◆ **ACTIVITY**: Look through the data below for the line with "October Yearling Sale, Book" and the line with "省水利厅直属机关党委专职副书", then transcribe exactly from the first through the second, leaving out all pictures.

** Opening SUPPLIED DATA block **

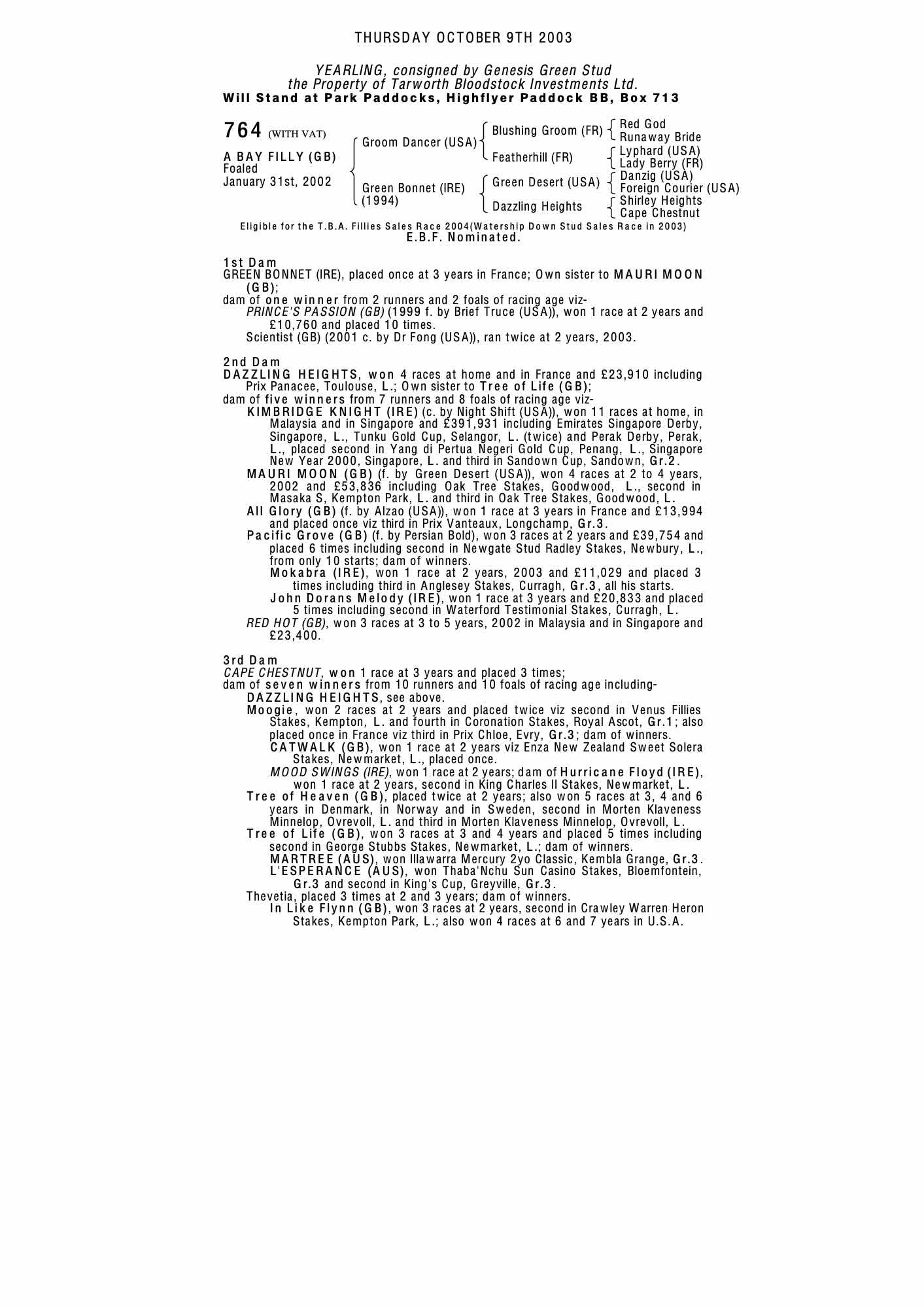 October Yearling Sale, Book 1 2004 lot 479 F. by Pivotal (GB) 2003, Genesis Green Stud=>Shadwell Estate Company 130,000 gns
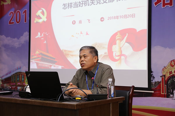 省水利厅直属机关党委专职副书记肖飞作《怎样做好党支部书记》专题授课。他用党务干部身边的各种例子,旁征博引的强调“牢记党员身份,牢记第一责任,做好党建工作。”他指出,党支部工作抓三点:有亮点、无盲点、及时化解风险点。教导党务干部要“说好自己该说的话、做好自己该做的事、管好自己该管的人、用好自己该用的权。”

** Closing SUPPLIED DATA block **
** Opening SUPPLIED DATA block **

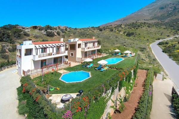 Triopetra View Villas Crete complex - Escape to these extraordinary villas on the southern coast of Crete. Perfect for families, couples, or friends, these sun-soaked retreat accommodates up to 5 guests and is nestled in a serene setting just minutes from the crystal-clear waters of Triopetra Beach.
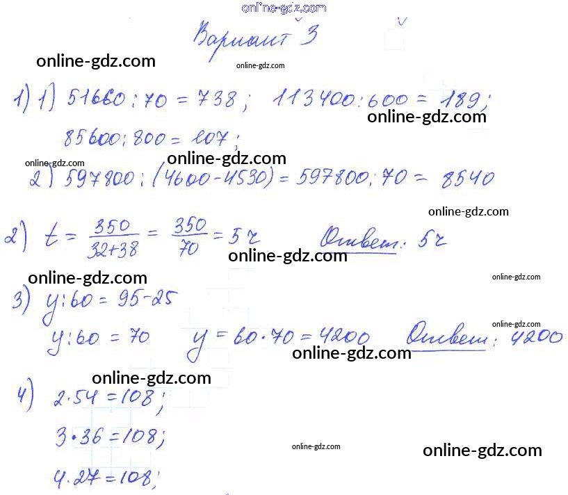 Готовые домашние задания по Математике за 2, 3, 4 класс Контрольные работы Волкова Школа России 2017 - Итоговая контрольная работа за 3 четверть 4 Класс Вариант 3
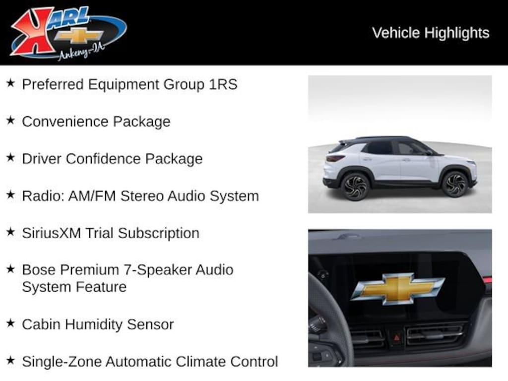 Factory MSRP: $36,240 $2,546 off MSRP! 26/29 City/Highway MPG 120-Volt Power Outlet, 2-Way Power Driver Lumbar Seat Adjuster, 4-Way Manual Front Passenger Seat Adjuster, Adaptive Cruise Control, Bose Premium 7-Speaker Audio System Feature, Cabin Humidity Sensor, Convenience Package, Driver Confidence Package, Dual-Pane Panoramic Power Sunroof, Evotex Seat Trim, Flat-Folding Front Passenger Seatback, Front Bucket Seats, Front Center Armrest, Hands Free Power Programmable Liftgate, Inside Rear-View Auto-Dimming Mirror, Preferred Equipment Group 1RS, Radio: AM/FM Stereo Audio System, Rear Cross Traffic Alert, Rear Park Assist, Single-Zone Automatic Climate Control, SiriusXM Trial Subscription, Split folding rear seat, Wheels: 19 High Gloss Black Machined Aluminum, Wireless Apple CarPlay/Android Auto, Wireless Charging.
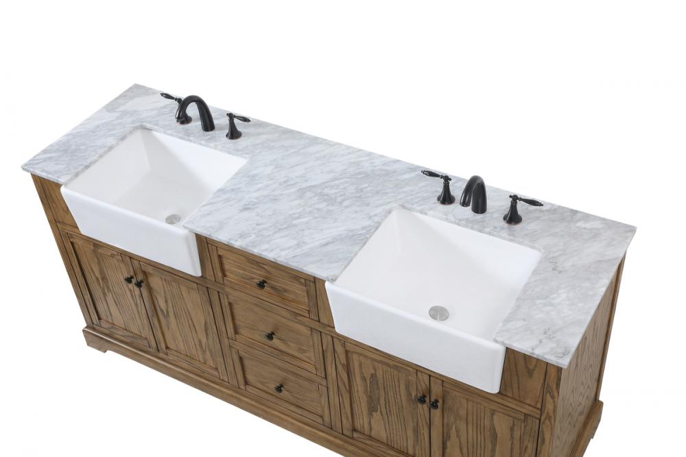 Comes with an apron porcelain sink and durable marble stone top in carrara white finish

** Closing SUPPLIED DATA block **

◆ **PROBLEM SOLUTION**:
 October Yearling Sale, Book 1 2004 lot 479 F. by Pivotal (GB) 2003, Genesis Green Stud=>Shadwell Estate Company 130,000 gns
 省水利厅直属机关党委专职副书记肖飞作《怎样做好党支部书记》专题授课。他用党务干部身边的各种例子,旁征博引的强调“牢记党员身份,牢记第一责任,做好党建工作。”他指出,党支部工作抓三点:有亮点、无盲点、及时化解风险点。教导党务干部要“说好自己该说的话、做好自己该做的事、管好自己该管的人、用好自己该用的权。”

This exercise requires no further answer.